De rechtbank verwerpt - op grond van het door de officier van justitie gestelde - het verweer van de raadsman.
Nu ten aanzien van de feiten waarvoor de overlevering wordt gevraagd is vastgesteld dat aan alle eisen is voldaan die de Overleveringswet daaraan stelt, dient de overlevering te worden toegestaan.
8. Toepasselijke wetsartikelen
De artikelen 140, 209 en 311 van het Wetboek van Strafrecht;
de artikelen 2, 5 en 7 van de Overleveringswet.
STAAT TOE de overlevering van [opgeëiste persoon] aan de Onderzoeksrechter van de Rechtbank in eerste aanleg te Antwerpen (België) ten behoeve van het in België tegen hem gerichte strafrechtelijke onderzoek naar de feiten waarvoor zijn overlevering wordt verzocht.
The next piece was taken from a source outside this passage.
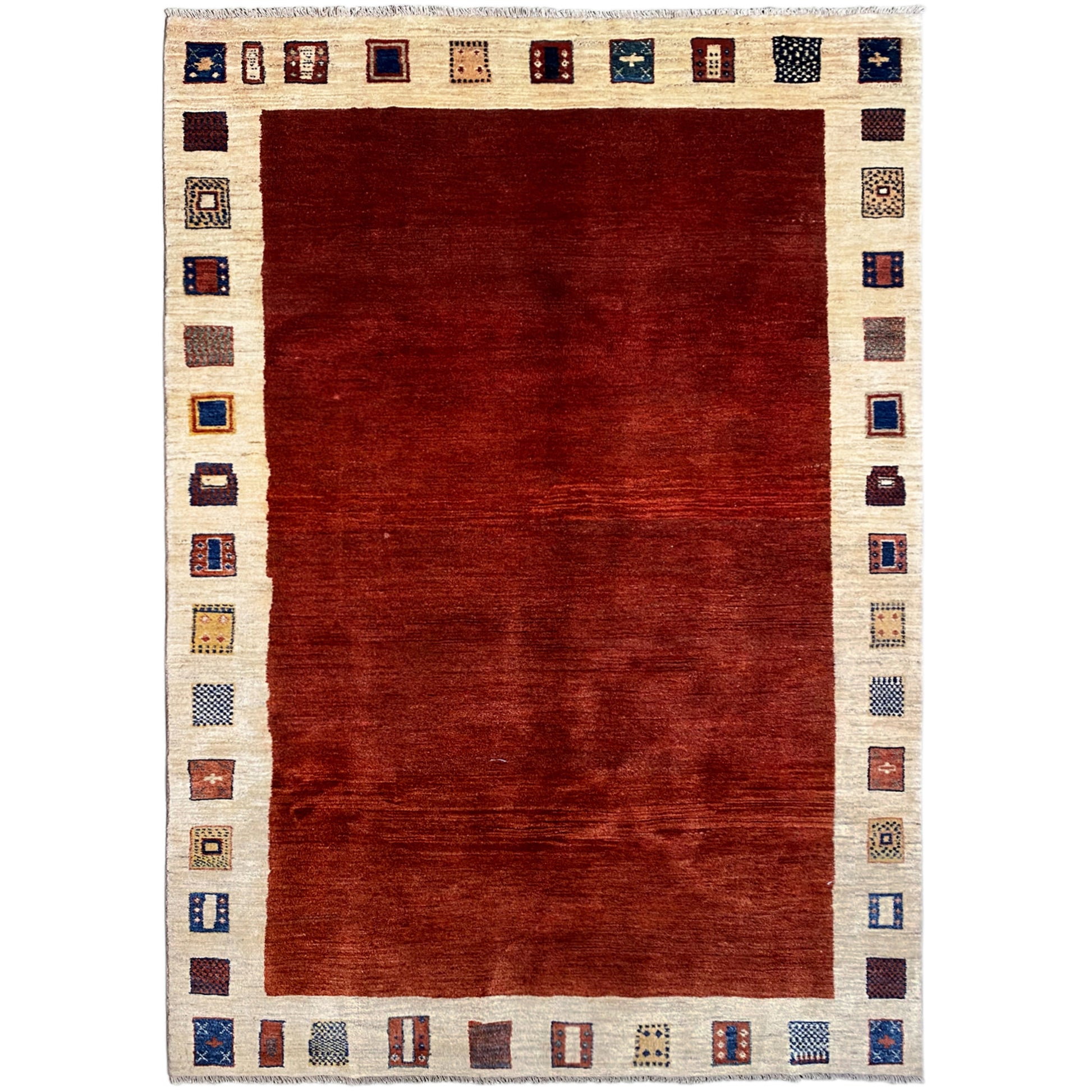 This impressive, hand-knotted Gabbeh rug made from hand-spun, plant-dyed wool features a warm red core framed by a wide beige border with colorful, geometric motifs. With its generous dimensions of 287x197 cm, it is a central eye-catcher that adds a cozy yet artistic atmosphere to any living space. The harmonious interplay of the strong main color and the playful details of the border makes this rug a versatile element that fits both traditional and modern interior styles while telling a story of craftsmanship.

Deze beslissing is genomen door:
mr. E.D. Bonga-Sigmond, voorzitter,
mrs. F. Salomon en L.E. Kalff, rechters,
in tegenwoordigheid van mr. I. Mulder, griffier,
en uitgesproken op de openbare zitting van 6 mei 2005.
De oudste rechter is buiten staat te tekenen.
Ingevolge artikel 29, tweede lid, van de Overleveringswet staat tegen deze uitspraak geen gewoon rechtsmiddel open.